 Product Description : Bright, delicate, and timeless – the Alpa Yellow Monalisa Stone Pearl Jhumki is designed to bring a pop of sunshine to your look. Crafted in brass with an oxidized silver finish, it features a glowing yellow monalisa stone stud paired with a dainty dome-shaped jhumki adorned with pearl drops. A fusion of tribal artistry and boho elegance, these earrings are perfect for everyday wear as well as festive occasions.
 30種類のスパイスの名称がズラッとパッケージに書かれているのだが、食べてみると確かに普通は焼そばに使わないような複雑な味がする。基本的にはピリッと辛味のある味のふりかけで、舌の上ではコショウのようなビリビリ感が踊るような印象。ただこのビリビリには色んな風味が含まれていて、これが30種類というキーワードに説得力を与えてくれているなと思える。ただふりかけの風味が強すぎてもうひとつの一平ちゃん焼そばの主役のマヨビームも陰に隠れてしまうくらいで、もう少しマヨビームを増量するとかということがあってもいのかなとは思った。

---

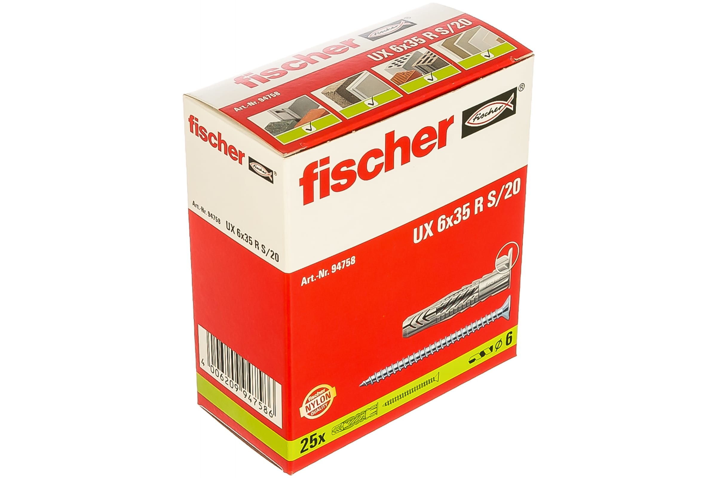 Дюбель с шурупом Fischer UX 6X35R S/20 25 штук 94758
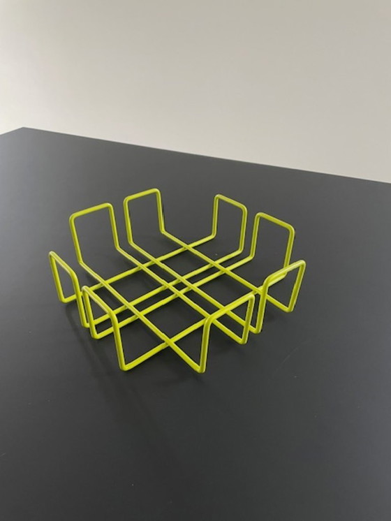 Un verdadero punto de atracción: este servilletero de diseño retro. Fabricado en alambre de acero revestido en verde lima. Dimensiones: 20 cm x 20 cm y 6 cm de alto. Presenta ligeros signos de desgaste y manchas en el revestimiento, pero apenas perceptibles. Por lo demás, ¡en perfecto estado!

■ **EXERCISE**
The lines above starting at the one that contains "Product Description : Bright, delicate, and" and ending at the one that contains "30種類のスパイスの名称がズ" must be transcribed exactly, and no other lines may appear.

■ **WRITTEN REPLY**
 Product Description : Bright, delicate, and timeless – the Alpa Yellow Monalisa Stone Pearl Jhumki is designed to bring a pop of sunshine to your look. Crafted in brass with an oxidized silver finish, it features a glowing yellow monalisa stone stud paired with a dainty dome-shaped jhumki adorned with pearl drops. A fusion of tribal artistry and boho elegance, these earrings are perfect for everyday wear as well as festive occasions.
 30種類のスパイスの名称がズラッとパッケージに書かれているのだが、食べてみると確かに普通は焼そばに使わないような複雑な味がする。基本的にはピリッと辛味のある味のふりかけで、舌の上ではコショウのようなビリビリ感が踊るような印象。ただこのビリビリには色んな風味が含まれていて、これが30種類というキーワードに説得力を与えてくれているなと思える。ただふりかけの風味が強すぎてもうひとつの一平ちゃん焼そばの主役のマヨビームも陰に隠れてしまうくらいで、もう少しマヨビームを増量するとかということがあってもいのかなとは思った。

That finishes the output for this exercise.